I have a couple of ideas for how the authors could convince me this isn't just a sampling artifact. The best would probably be to pick one ligand and redo the whole calculation 4 more times, start to finish - looking at the variation between those replicates would be a decent estimate of the uncertainty. Ideally, they'd do this for all of the ligands, but I recognize that's not a reasonable request, which is why I suggest doing it for 1 ligand.

A weaker test would be to break the individual ligand calculations into blocks, somehow - I'm not totally sure how to do it - and show that the blocks are self-similar. If they're all wandering through the whole of the blob in Figure 3, you're more likely to be ok. If each block populates a discrete chunk of the blob (and the overall swarm data doesn't revisit), then there's a big problem.
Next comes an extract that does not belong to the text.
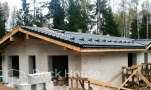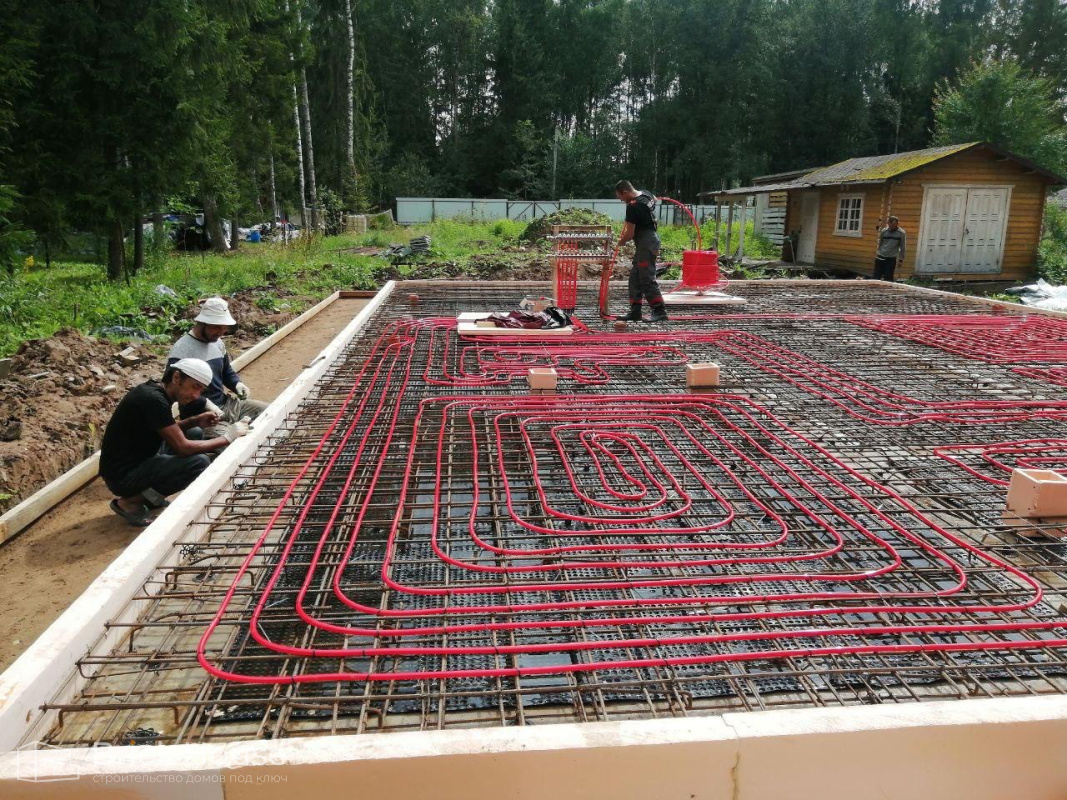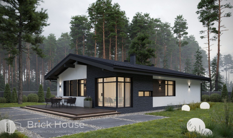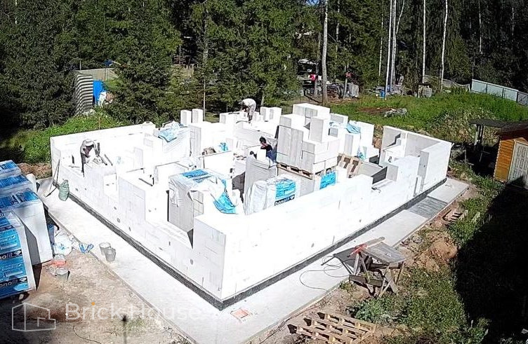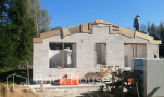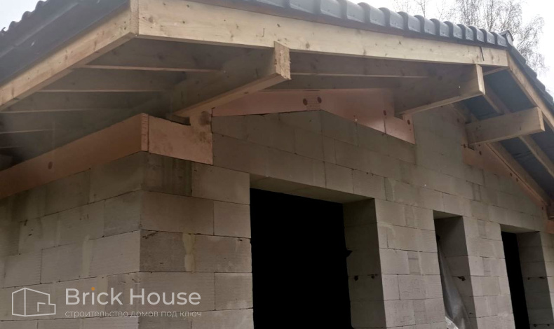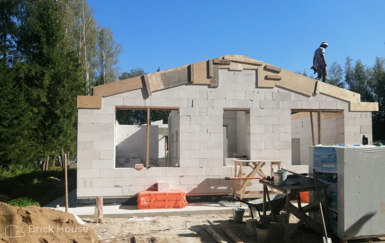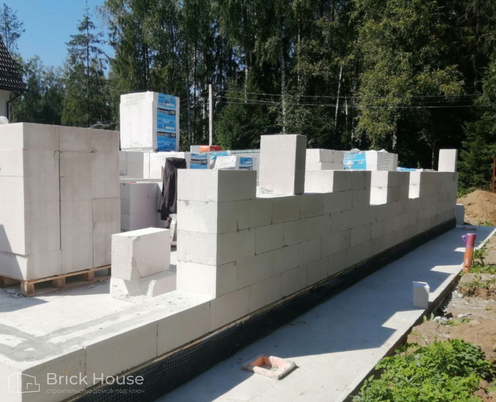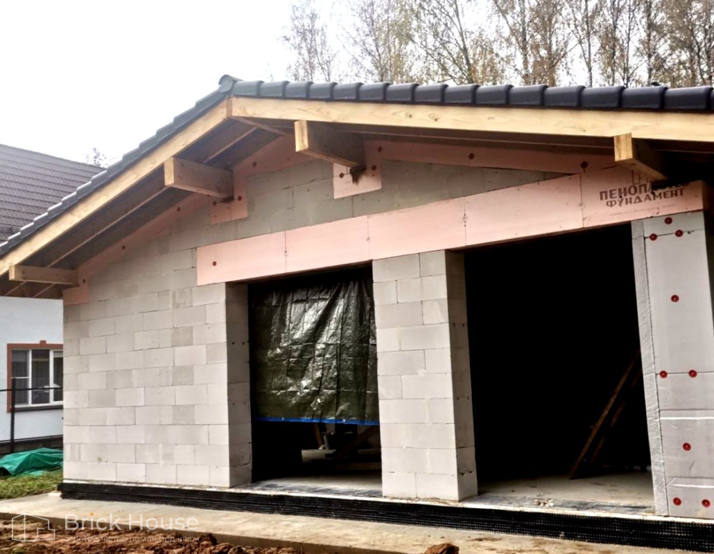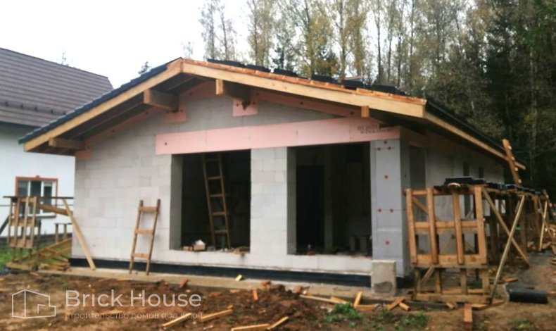 Второй объект, реализуемый по популярному среди наших заказчиков проекту K-100. В доме три спальни, кухня-гостиная, прихожая, гардеробная и бойлерная. Тип фундамента для данного объекта - монолитная плита, в которую сразу монтируется система «теплого пола». Стены возводим из газобетонных блоков. Покрытие кровли - мягкая черепица.

We thank the reviewer for the specific suggestions! We indeed followed the reviewer’s second suggestion and performed stratified cross validation with 3 subsets of the walkers. More details can be found under Essential Revisions. We argue that this statistical test is as legitimate as rerunning the simulation for one ligand for two reasons. First, we can perform this test for all ligands, not just one, without wasting computational resources. Second, the method is based on finding a center point in CV space by tracking a number of walkers launched from the same starting structure. Considering the high number of walkers used and that our results pass a cross validation examination, we may conclude that the position of the center point is insensitive to the random seed of the individual MD trajectories. Thus, we expect a new set of walkers launched from the same starting structure to converge to the already sampled state.

I'd want to see error estimates on the free energies in Figure 2, plus a redo of the dimension reduction in Figure 3 to see if the ligands still separate more than the replicates of 1 ligand.

See our comments above.

On a more minor note, the use of p-values in the subsection “Ligands control efficacy by reshaping microswitches’ probability distributions”, isn't really correct. The point the authors are trying to make is that the computed value doesn't predict the experiment (for good reason), and the correlation coefficients make that point for you.

We have removed the use of the p-value and only refer to the correlation between cAMP response and microswitch expectation values.